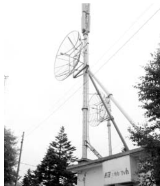
朝日地区のテレビ中継局

地上デジタル放送移行を促進するため、受信施設所有者（NHKなど放送事業者5社）に対し固定資産税相当額を限度として奨励金を交付します。ただし、3年間の限定事業で今年度で終了。
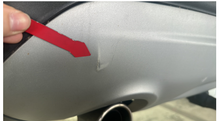
5. Stoßfänger Hinten Bruch -
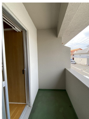
西向きバルコニー

**YOUR OBJECTIVE**
Exactly as given, transcribe every line of the data, but not its images.

**ANSWER AREA**
朝日地区のテレビ中継局

地上デジタル放送移行を促進するため、受信施設所有者（NHKなど放送事業者5社）に対し固定資産税相当額を限度として奨励金を交付します。ただし、3年間の限定事業で今年度で終了。
5. Stoßfänger Hinten Bruch -
西向きバルコニー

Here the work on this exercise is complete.